/ML

Machine learning repository exploring various algorithms.

Primary LanguagePythonMIT LicenseMIT

Machine Learning

This repository contains resources and projects related to machine learning.

What is Machine Learning?

Machine Learning (ML) is a subset of artificial intelligence that focuses on the development of algorithms and statistical models that enable computer systems to improve their performance on a specific task through experience. In other words, ML allows computers to learn and make decisions or predictions without being explicitly programmed.

The core idea behind machine learning is to create models that can automatically learn patterns from data and use those patterns to make predictions or decisions on new, unseen data.

Types of Machine Learning

There are three main types of machine learning:

  1. Supervised Learning

    • In supervised learning, the algorithm learns from labeled data.
    • The model is trained on a dataset where the correct output is provided for each input.
    • Examples include:
      • Classification (e.g., spam detection, image recognition)
      • Regression (e.g., price prediction, weather forecasting)
  2. Unsupervised Learning

    • Unsupervised learning deals with unlabeled data.
    • The algorithm tries to find patterns or structures in the data without predefined labels.
    • Examples include:
      • Clustering (e.g., customer segmentation, anomaly detection)
      • Dimensionality reduction (e.g., feature extraction, visualization)

Contents of this Repository

This repository contains implementations of various machine learning algorithms. The algorithms are organized into categories based on their types and applications. Here's an overview of the contents:

  1. Supervised Learning Algorithms

    • Linear Regression
    • Logistic Regression
    • Decision Trees
    • Random Forests
    • Support Vector Machines (SVM)
    • K-Nearest Neighbors (KNN)
    • Naive Bayes
  2. Unsupervised Learning Algorithms

    • K-Means Clustering
    • Hierarchical Clustering
    • Principal Component Analysis (PCA)
    • Independent Component Analysis (ICA)
  3. Ensemble Methods

    • Bagging
    • Boosting (AdaBoost, Gradient Boosting)
    • Stacking
  4. Dimensionality Reduction Techniques

    • t-SNE (t-Distributed Stochastic Neighbor Embedding)
    • UMAP (Uniform Manifold Approximation and Projection)

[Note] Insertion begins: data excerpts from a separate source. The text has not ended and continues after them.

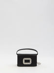 MICRO BAG IN BLACK SATIN. IT FEATURES A FIXED HANDLE, A PILGRIM CRYSTAL BUCKLE ON THE FRONT, A MAGNETIC BUTTON CLOSURE, A REMOVABLE METAL CHAIN SHOULDER STRAP, ONE INTERNAL COMPARTMENT, AND AN INTERNAL POCKET. DUST BAG INCLUDED.
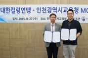[한국기자연대] 인천광역시교육청은 27일 대한컬링연맹과 읽걷쓰 기반 학교체육 활성화와 플로어컬링 교육 프로그램 확산을 위한 업무협약을 체결했다. 이번 협약식에는 대한컬링연맹 한상호 회장과 인천컬링연맹 이상일 회장이 함께해 학교체육 활성화를 위한 플로어컬링 종목의 저변 확대에 뜻을 모았다. 이번 협약에 따라 양 기관은 관내 초등학교를 대상으로 플로어컬링 체험 프로그램을 기획·운영하고, 교사 대상 직무연수와 강사 지원을 통해 학교체육 수업 및 방과후 프로그램을 활성화할 계획이다. 주요 협약 내용은 ▲플로어컬링 체험프로그램 운영 ▲교육자료(교안·영상·콘텐츠) 공유 ▲교사 대상 직무연수 및 실습형 워크숍 공동 운영 ▲‘1·1·1 스포츠 프로젝트’ 강사 지원 ▲관련 사업 협력 등이다. 도성훈 교육감은 “학생들이 다양한 체육 활동을 경험할 기회가 확대되길 바라며, 건강한 성장을 위한 학교체육 환경을 마련하겠다”고 말했다.
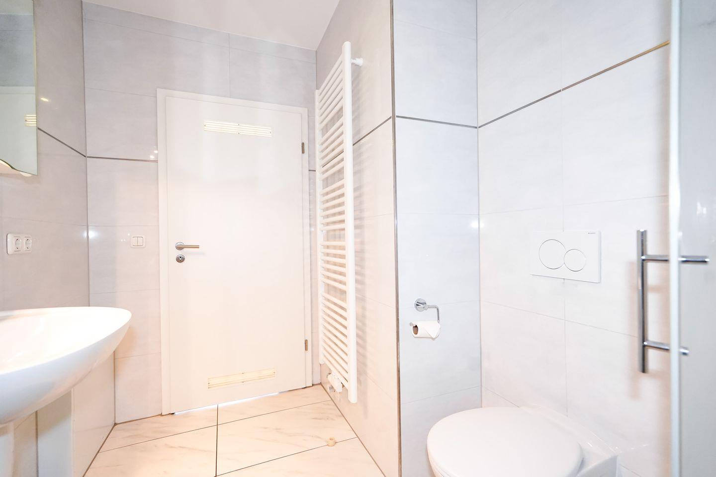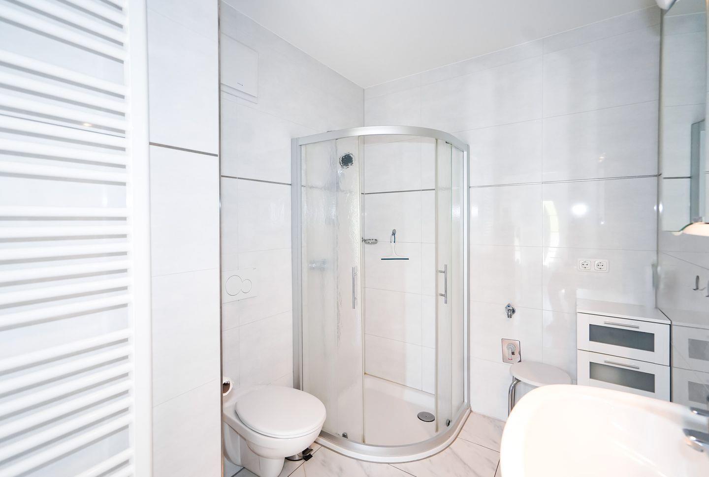 Das wunderschöne Duschbad ist komplett gefliest, wie auch der gesamte Bodenbelag in den Zimmern mit exklusiven Fliesen ausgelegt ist.
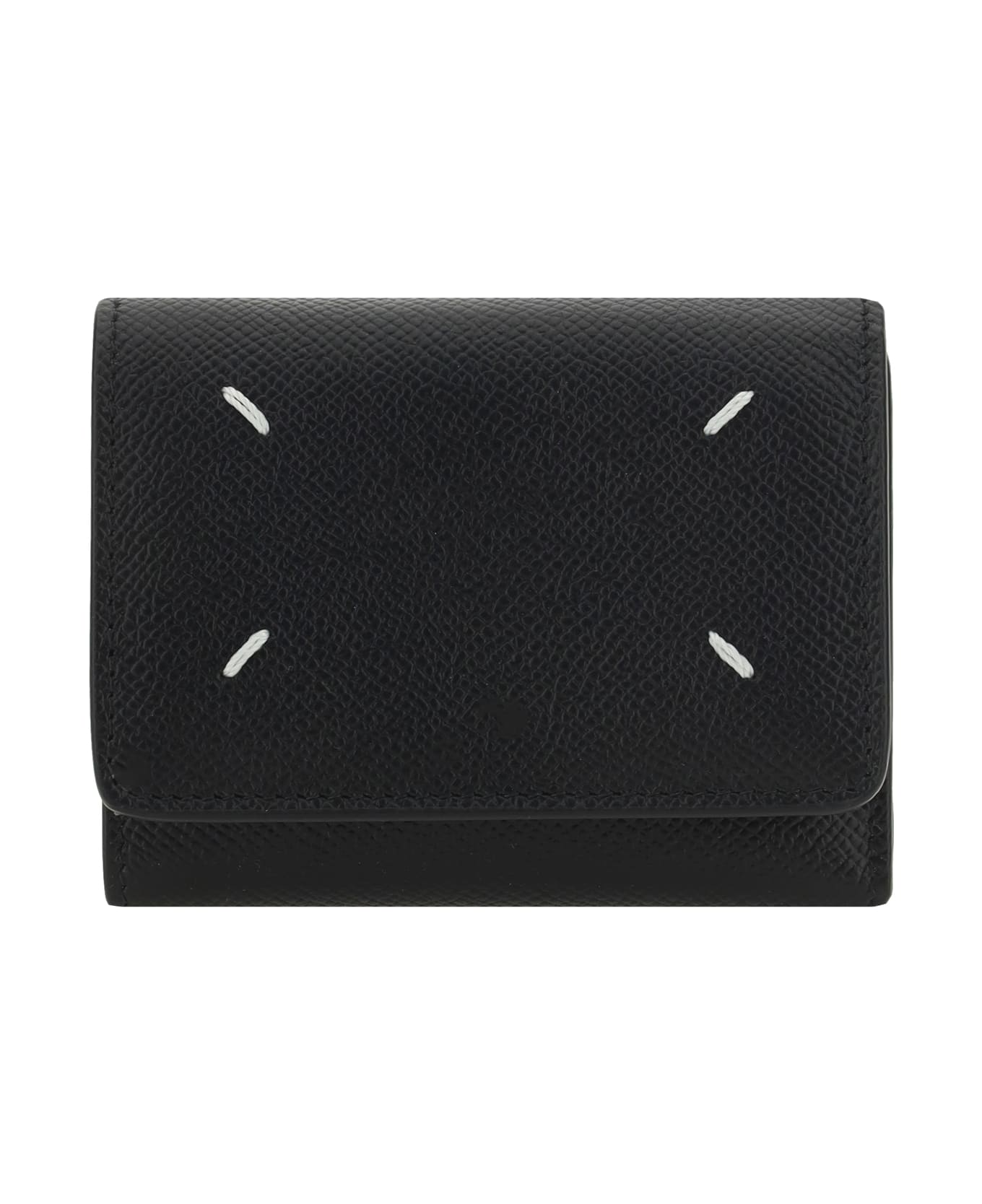Calfskin wallet by margiela, grained leather design, front snap-button closure, card slot inside, coin compartment with zipper for closure, bill compartment, iconic brand embroidered contrast stitching on back. Composition: 100% % Calf Leather Bos Taurus

Each algorithm is implemented in both Python and R, providing a comprehensive resource for machine learning practitioners and researchers. The implementations include:

  • Clean, well-commented code
  • Example usage with sample datasets
  • Performance metrics and evaluation techniques
  • Visualization of results where applicable

Note: This repository is continuously updated with new algorithms and improvements to existing implementations. Check back regularly for the latest additions and enhancements.

Getting Started

Prerequisites

  • Python 3.7 or higher
  • R 4.0.0 or higher
  • pip (Python package installer)
  • R package manager

Installation

For Python:

  1. Clone the repository:
git clone https://github.com/A-A7med-i/ML.git
  1. (Optional) Create and activate a virtual environment:
python -m venv venv
source venv/bin/activate  # or venv\Scripts\activate on Windows
  1. Install required packages:
pip install -r requirements.txt

For R:

  1. Open R or RStudio

  2. Install the required libraries by running the following commands:

install.packages(c("caret", "nnet", "rpart", "randomForest", "ipred", "MASS", "gbm", "xgboost", "mlbench", "glmnet", "e1071", "datasets"))

Usage

Running Python Scripts

To run a specific Python project:

python projects/project_name/main.py

Contributing

Contributions to this project are welcome! Please feel free to submit a Pull Request.

License

This project is licensed under the MIT License.